Surface-plasmon resonance is a quantum-electromagnetic phenomenon arising from the interaction of light with free electrons at the planar interface of a metal and a (nonconducting) dielectric material. This resonance arises when the energy carried by photons in the dielectric material is transferred to collective excitations (called plasmons) of free electrons in the metal at that interface. As the free electrons in the metal are coupled to the photons in the polarizable dielectric material, the quantum is called a surface plasmon-polariton (SPP). Typically, a SPP wave is launched on a metal-dielectric interface at one particular frequency. That wave has a certain polarization state. Researchers have now shown theoretically and experimentally that by modifying the dielectric material, novel surface-plasmon-polariton wave behavior can be created with the result that the same interface can independently guide more than one SPP wave.

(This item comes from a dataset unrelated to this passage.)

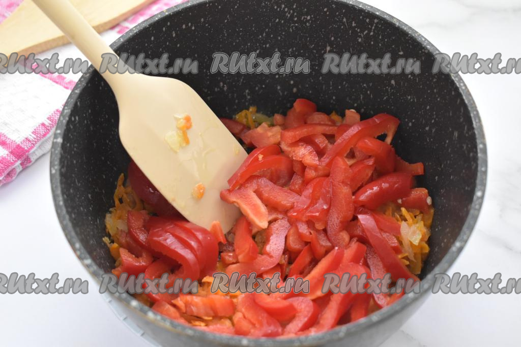 К обжаренным овощам добавляем болгарский перец, нарезанный на полоски, перемешиваем, жарим 3-4 минуты, иногда перемешивая.
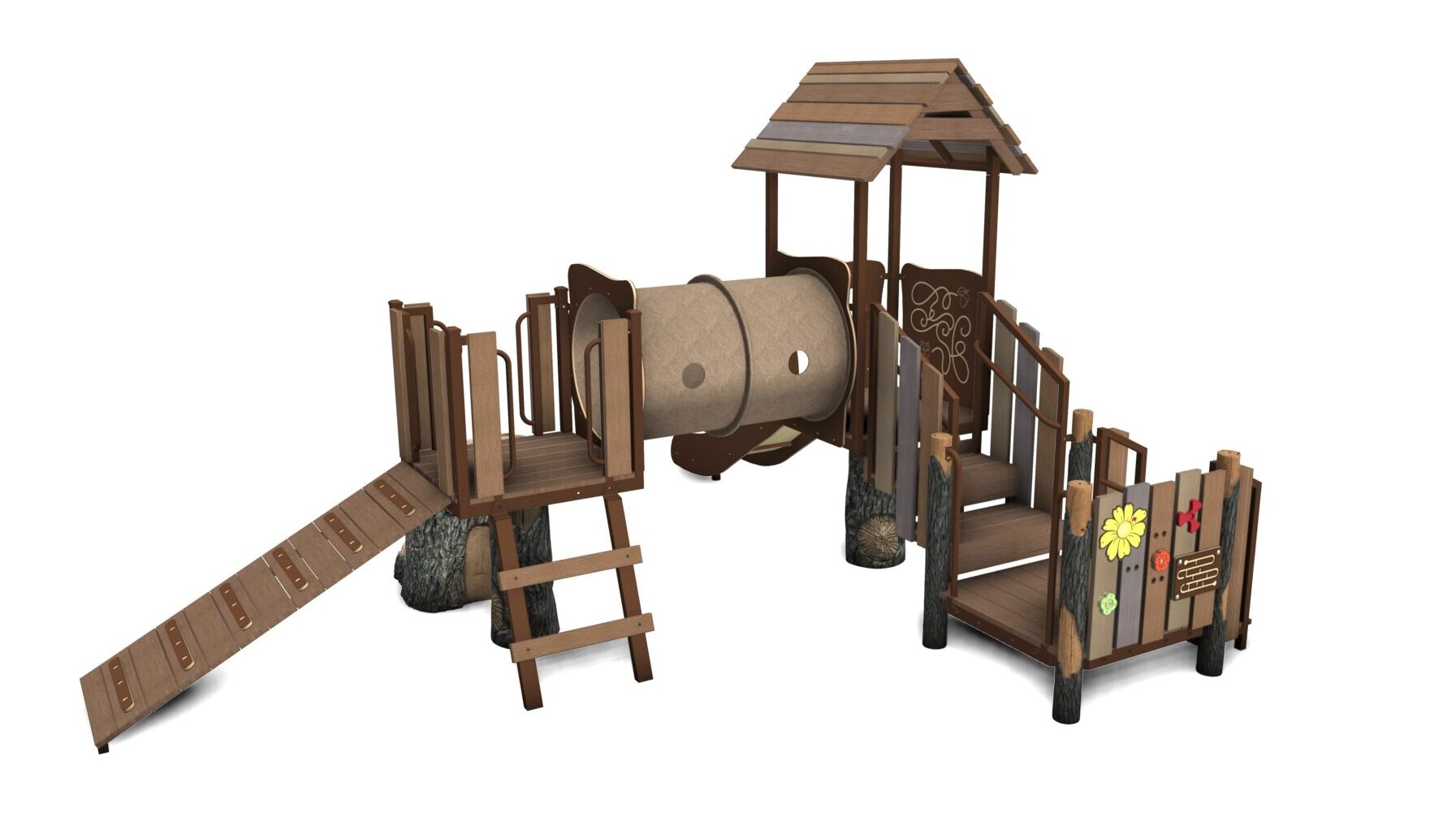 Acorn Adventure(age group: 2-5 yrs) is an educational and dynamic play system in our Deep Woods product line featuring an acorn maze panel, a plank play panel, accessible handholds, and more. Little explorers will access the play system via multiple climbers including the Plank Climber, the Tree Stump Climber, the Ladder Climber, or by steps.

Photonic crystals are very suitable for fabricating sensor devices because the optical signals of these responsive materials are tightly coupled with various external stimuli and modulations. They could also play a significant role on the way to all-optical devices in communication and information technology - they form a basis material for the future realization of optical components and circuits, and maybe even complex optical circuits or optical computers. One application area that has seen a lot of activity recently is photonic paper and ink. One advantage of photonic papers and displays is that they are brilliant and free of glare in sunlight, which are superior to the characteristics of other emissive display technologies for outdoor usage such as advertising billboards. Another advantage is that, for recording purposes, the structural colors of photonic paper are usually more durable than traditional pigments and dyes. However, there are still a number of issues and problems that prevent the practical applications of the photonic crystal based materials. Researchers in California have now addressed some of them by reporting a new type of rewritable photonic paper on which a durable ink mark can be written or erased by introducing or removing a hygroscopic salt in the surface layer of the paper.

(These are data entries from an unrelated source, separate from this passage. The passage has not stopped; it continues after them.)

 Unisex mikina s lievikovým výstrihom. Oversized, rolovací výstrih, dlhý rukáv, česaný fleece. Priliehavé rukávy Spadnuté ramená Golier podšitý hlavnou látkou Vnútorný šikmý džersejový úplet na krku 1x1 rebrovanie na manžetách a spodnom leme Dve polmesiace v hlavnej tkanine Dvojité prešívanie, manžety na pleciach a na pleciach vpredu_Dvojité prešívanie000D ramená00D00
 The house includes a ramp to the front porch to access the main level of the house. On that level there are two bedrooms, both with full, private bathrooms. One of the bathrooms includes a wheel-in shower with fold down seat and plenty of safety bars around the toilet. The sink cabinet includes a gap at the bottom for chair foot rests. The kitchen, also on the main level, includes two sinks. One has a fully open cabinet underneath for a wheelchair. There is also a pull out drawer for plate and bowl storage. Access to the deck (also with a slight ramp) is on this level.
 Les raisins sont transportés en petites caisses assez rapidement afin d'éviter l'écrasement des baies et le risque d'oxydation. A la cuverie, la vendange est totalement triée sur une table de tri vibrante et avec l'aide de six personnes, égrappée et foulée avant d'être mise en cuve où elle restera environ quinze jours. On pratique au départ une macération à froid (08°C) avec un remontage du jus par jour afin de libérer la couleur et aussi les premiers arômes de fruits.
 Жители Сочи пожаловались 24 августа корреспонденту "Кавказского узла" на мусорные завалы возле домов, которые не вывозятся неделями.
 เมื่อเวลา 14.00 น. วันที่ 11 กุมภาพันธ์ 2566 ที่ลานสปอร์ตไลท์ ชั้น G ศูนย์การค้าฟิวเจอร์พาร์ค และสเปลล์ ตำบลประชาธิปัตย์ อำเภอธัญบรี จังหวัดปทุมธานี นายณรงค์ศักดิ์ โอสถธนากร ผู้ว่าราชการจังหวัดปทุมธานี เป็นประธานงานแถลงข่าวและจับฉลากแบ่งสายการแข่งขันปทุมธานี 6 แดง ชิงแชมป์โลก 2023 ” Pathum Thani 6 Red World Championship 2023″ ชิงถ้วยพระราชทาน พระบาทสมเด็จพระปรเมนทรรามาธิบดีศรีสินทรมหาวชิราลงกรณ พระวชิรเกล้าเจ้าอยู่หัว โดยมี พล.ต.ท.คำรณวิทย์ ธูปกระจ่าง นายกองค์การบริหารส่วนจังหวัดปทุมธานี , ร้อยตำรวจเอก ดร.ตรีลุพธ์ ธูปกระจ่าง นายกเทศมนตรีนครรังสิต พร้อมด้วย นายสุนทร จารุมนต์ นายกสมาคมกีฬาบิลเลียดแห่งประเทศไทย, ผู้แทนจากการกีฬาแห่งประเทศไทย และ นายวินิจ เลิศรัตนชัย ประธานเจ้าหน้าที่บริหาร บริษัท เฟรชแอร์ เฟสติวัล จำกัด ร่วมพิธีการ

The development of electron-beam lithography, focused ion beam milling, and other nanofabrication techniques has provided researchers with great freedom to pattern metallic structures at the nanoscale. This has fueled the design and implementation of new ultracompact photonic devices based on the plasmonic behavior of metals. Plasmonics is an emerging field of nanophotonics that relies on hybrid light-charge density waves on metal-dielectric interfaces and holds the promise for control of light at dimensions much below the free-space wavelength of light. Lenses have always been an important component for controlling light in optical systems. The focusing capability of conventional, dielectric-based microlenses however deteriorates as their physical dimensions are reduced toward a single-wavelength scale. That's why scientists have begun exploring alternative approaches to refractive lensing. While nano-patterning of optically thick metallic films was theoretically proposed as an alternative to refractive lensing, scientists at Stanford University have now reported the first experimental demonstration of far-field lensing using a plasmonic slit array.